Sacolejando num ônibus no altiplano boliviano
Marcio Fernandes – Nós deixamos Potosi na dúvida se o motorista contratado iria aparecer. Não apareceu, é claro, e a solução foi por em prática o plano B: fazer o trecho Potosi-Uyuni de ônibus à moda boliviana.
O terminal de passageiros é tumultuado pelo assédio das vendedoras de passagens e algo irritante os gritos dos motoristas no momento em que você está com dor de cabeça e náusea causada pela altitude. Ainda bem que não embarcou em nosso ônibus uma “chola” que tinha na bagagem 1/4 de uma vaca com osso em saco improvisado.
O sistema pinga-pinga da viagem é bem o divertido e explica em parte a duração de 3h45 para se percorrer 200 quilômetros. Na verdade, o ônibus, todo colorido, é velho, lento, mais para sujo, e a estrada muito desafiadora. Bastante sinuosa e cheia de sobe-desce, a rodovia está quase toda assentada em altitude acima dos 4 mil metros.
A paisagem é deslumbrante e vai se alterando na medida em que o ônibus faz lenta progressão pela cordilheira andina. Em um momento há pastagens com milhares de lhamas a perder de vista.
Em outro, paredões de rochas cobertos de cactos. Há momentos em que os Andes oferecem no cume da montanha crista de pináculos vermelhos a contrastar com o céu 100% azul.
Existe um aviso expresso no ônibus a advertir ser proibido comer no interior do veículo, mas não faltam vendedoras ambulantes de comidas no corredor da viatura toda vez que há parada em um vilarejo. Sem falar da comida levada a bordo pelos próprios passageiros. A sensação é de que você está em um trem na Alemanha, onde o pessoal transforma o vagão em loja de fast food.
Mesmo morto de fome, não quis me arriscar, pois ainda trago no abdômen as consequências de ter bebido um suco de mamão, de duvidosa procedência, em copo de vidro com mancha permanente de caldo de bactéria. Legado da espelunca do hotel de Santa Cruz de la Sierra de triste lembrança.
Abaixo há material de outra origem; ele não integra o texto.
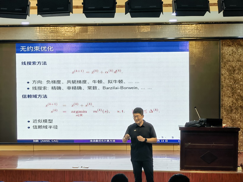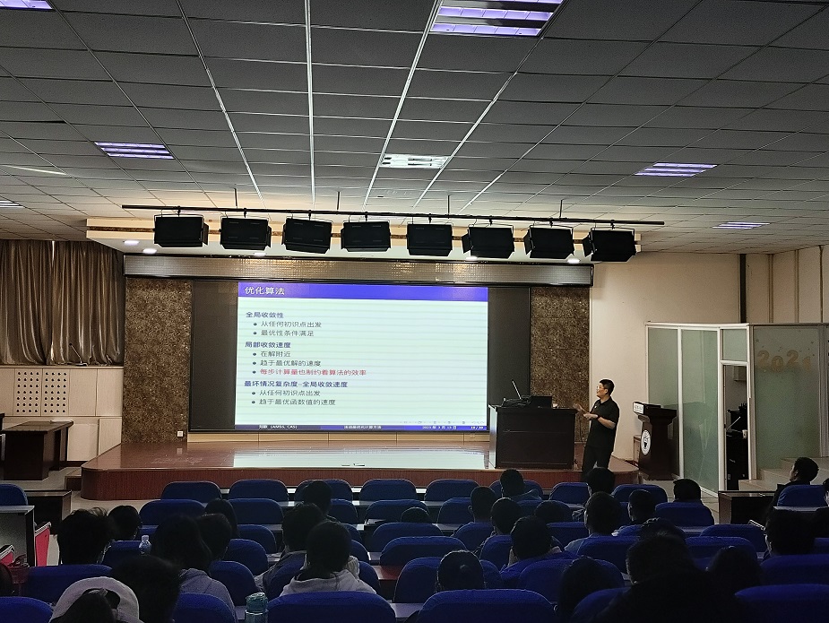 3月13日下午,公司邀请中国科公司数学与系统科学研究院“冯康首席研究员”、博士生导师、计算数学与科学工程计算研究所副所长刘歆研究员在马克思主义公司一楼报告厅进行了题为《浅谈最优化计算方法》的科普讲座。本次讲座由公司经理杨卫华教授主持,近百名本科生、研究生参加了讲座。
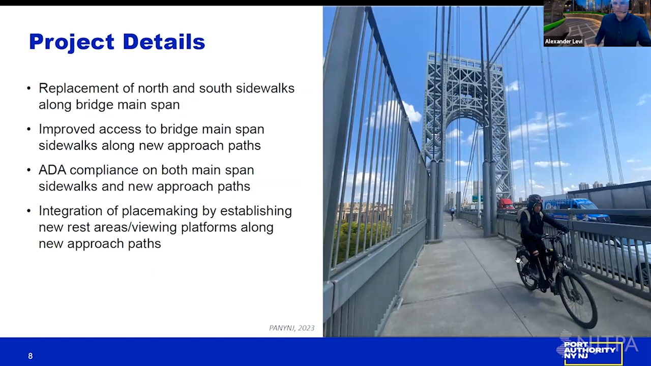 Watch Video →Presentation by Alexander Levi, Port Authority of NY & NJ, on bicycle and pedestrian access improvements made on the George...
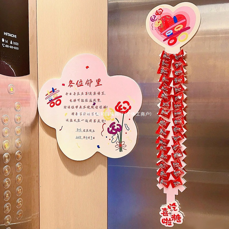 装飾の配置の喜糖のロリポップの結婚の喜字はエレベーターの郵便の結婚式のKTの掲示板の喜字を貼って郵送します。
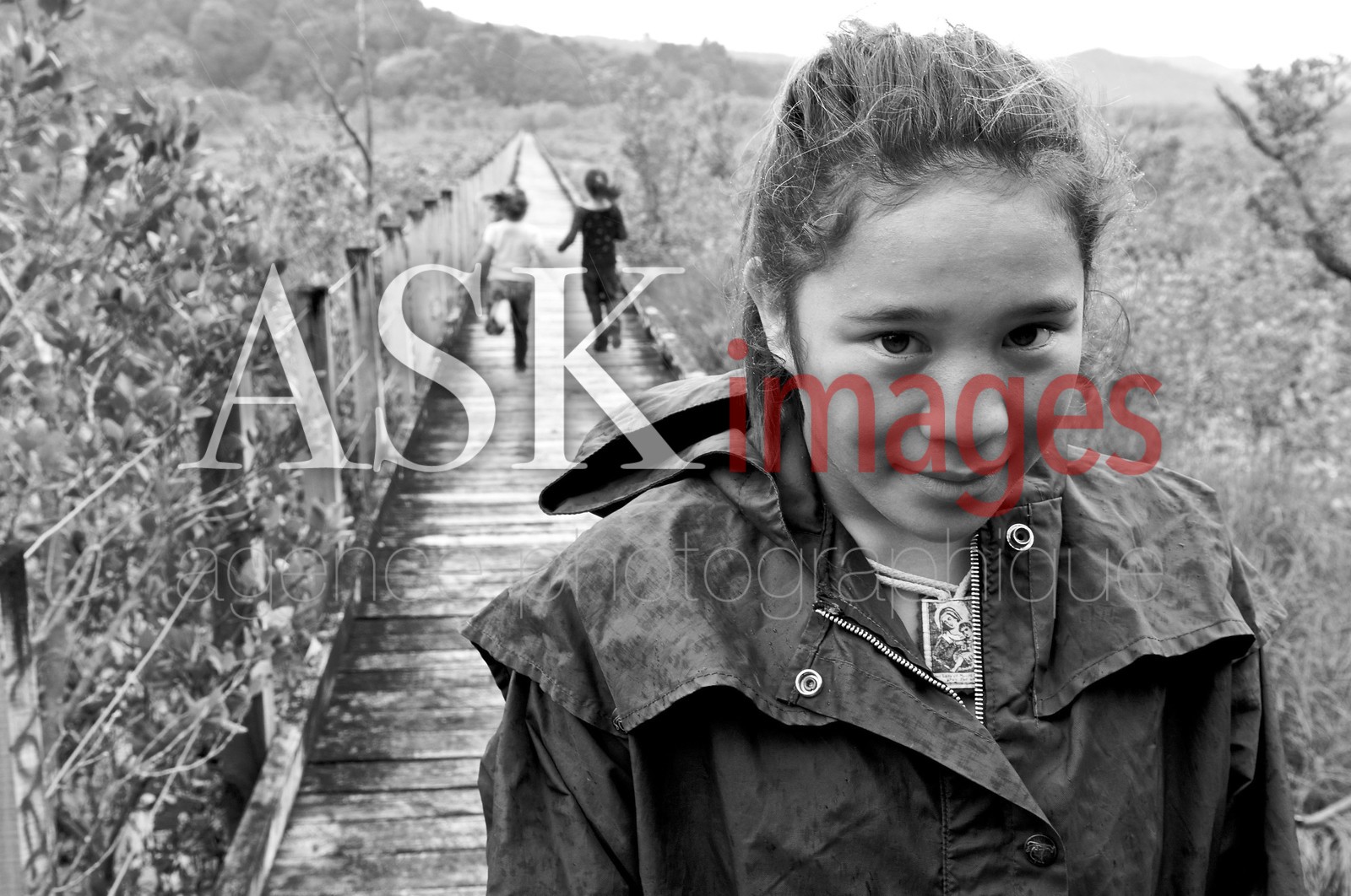 | Description | Portrait of a young Maori girl on a footbridge outside Motuti village, Northland, North Island, New Zealand |

Não sou muito fã de bicho, mas achei a lhama um espetáculo de simpatia. Elas têm o pescoço espigado, o pêlo viçoso e parecem sorrir para ti enquanto pastam as gramíneas ásperas do solo andino. Ainda não está decidido, mas a tendência é não comer um filé do bicho no almoço.
Na última meia-hora de viagem, a estrada se apruma em uma planície alongada de perder de vista. É uma reta só e o motorista do ônibus aproveita para baixar o pé no acelerador.
Bateu uma vontade expressiva de comer frango bem frito com limão galego. O que não falta na culinária boliviana é frango. Agora, se você me perguntar se é saboroso o modo de preparo, eu diria que não. Aqui ninguém sabe fazer um frango a passarinho.